Why is $ℤ$ defined as $ℤ := ℕ×ℕ \text{ / ~} $, where $ \text{~} := \{ [ (a,b),(c,d) ] | a+d = b+c \} $
We already defined $ℕ$ in class as $ ℕ:=∩ \{ I | I \text { is an inductive set} \} $; we also defined $+,·,<$ etc, and proved their properties.
Now, that we are defining $ℤ$ as mentioned in the title, I have a little trouble with this definition since our teacher is one of the oldest in our department, and sometimes forgets to write things down in his class notes; for example He didn't say what "/" means in $ℕ×ℕ \text{ / ~}$; I know $A$ \ $B$ is the old, well-know, difference of two sets, so I kinda feel like $ℕ×ℕ \text{ / ~}$ is just ~\ $ℕ×ℕ$, but even if that's the case, I don't know how possibly that would be the set of integers, let alone express $-4, 5, 2, -6$.
Could you tell me what \ stands for, why is $ℤ$ defined like this, and how to express a number with this definition, just like I would define $2$ as $\{∅,\{∅\}\}$ in $ℕ$.
Thanks in advance
This is a way of constructing $\mathbb{Z}$ in terms of $\mathbb{N}$ (and set theory).
As to the meaning of $/$ in this context, it represents the “quotient modulo the equivalence relation $\sim$.”
Recall that if $X$ is a set and $\sim$ is an equivalence relation on $X$, then $\sim$ induces a partition of $X$: that is, a collection of subsets $\{B_i\}_{i\in I}$ such that:
Namely, you let $B_i$ be the equivalence classes of the equivalence relation $X$: for each $x\in X$, you can let $B_x = \{y\in X\mid y\sim x\}$ and these form a partition. The set of equivalence classes is denoted $X/\sim$.
(You probably saw a “Fundamental Theorem of Equivalence Relations”, that shows that an equivalence relation on $X$ is “the same” as a partition on $X$, meaning that a partition induces an equivalence relation, an equivalence relation induces a partition, and that these associations are inverses of each other).
An element of $\mathbb{Z}$ is then a collection of pairs of natural numbers: $[(a,b)] = \{(n,m)\in\mathbb{N}\times\mathbb{N} \mid (n,m)\sim(a,b)\}$.

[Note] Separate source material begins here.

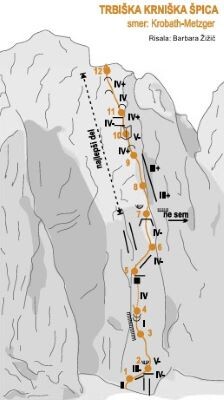 Zadnji del dostopa so nama popestrili ostanki kamnitega plazu; očitno se je pred kratkim privalil z velikega odloma na robu stene sosednjega vrha, ki ima v nasprotju s preostalimi samo italijansko ime: Cima Grande della Scala. Tudi na videz trdne stene so tu in tam krhke in krušljive, zato previdnost ni odveč. Nahrbtnike sva pustila pod steno in poleg opreme vzela s seboj le copate za sestop. Najina plezalska pričakovanja je nekoliko ublažila zavest, da smer Krobath-Metzger v Trbiški Krniški špici zame ne bo odkrivanje neznanega sveta: spoznal sem jo pred dobrimi desetimi leti, ko so matičarji imeli tabor v sosednji dolini, pri koči Pellarini. Takrat je bil z nami tudi Šrauf, ki je ravno za silo okreval po poškodbi v Steni, pa je kljub vsem težavam poleg svoje opreme pritovoril na tabor še kakih deset kil krompirja; ob večerih smo ga pekli ob tabornem ognju poleg šotorov. Imeli smo se lepo; malo pa nas je tudi skrbelo, ko smo nekega večera zaman čakali navezo, ki je šla plezat v Miss Julijcev. Navsezgodaj zjutraj sem vzel plezalke in na hitro sam šel čez smer. Opazil nisem nikogar, a skrbi me je že na poti nazaj v tabor rešila novica, da je pogrešana naveza varno prenočila v bližnjem bivaku. Vse v redu torej; meni pa od takratnega plezanja ni ostalo veliko v spominu, saj nisem bil čisto »pri stvari« …

So for example, one element of $\mathbb{Z}$ consists of all elements that are equivalent to $(1,0)$, namely $$[(1,0)] = \{(1,0), (2,1), (3,2), (4,3), (5,4), \ldots, (n+1,n),\ldots\}.$$
To get an intuitive idea of what you are doing here, consider the set of equations of the form $$a = x+b, \quad a,b\in\mathbb{N}.$$ Some of these equations have solutions in $\mathbb{N}$ (when $a\geq b$; or if your natural numbers do not include $0$, then when $a\gt b$). But some do not. We want to “extend” $\mathbb{N}$ to a larger set in which all these equations have solutions. So we identify each equation $a=x+b$ with the pair $(a,b)$, and we think of the pair $(a,b)$ as being “the solution to $a=x+b$.” However, different pairs yield the same solution: for example, $(a,b)$ is the same solutions as $(a+1,b+1)$, since if $a=x+b$, then $a+1 = x +(b+1)$. And more generally, $(a,b)$ represents the same solution as $(c,d)$ if and only if $a+d=b+c$. So you define an equivalence relation in which two pairs are “equivalent” precisely when they correspond to the same solution. And then you take the set of equivalence classes to get the larger set that includes all solutions to all of these equations.
Some further work then establishes that this construction gives you something that essentially behaves like the $\mathbb{Z}$ we think we know and sometimes love, and so we declare this to be $\mathbb{Z}$.
CAVEAT: I don’t know how your book/notes motivate the construction. Instead of having $(a,b)$ “represent” the equation $a=x+b$, it’s possible that it is thought to represent the equation $a+x=b$; the idea is essentially the same, but you will eventually show that you have a “copy” of $\mathbb{N}$ sitting inside $\mathbb{Z}$, and whatever your motivation is will determine whether this is accomplished by sending $n$ to the class of $(n,0)$ or to the class of $(0,n)$. The construction is the same, just slightly different details.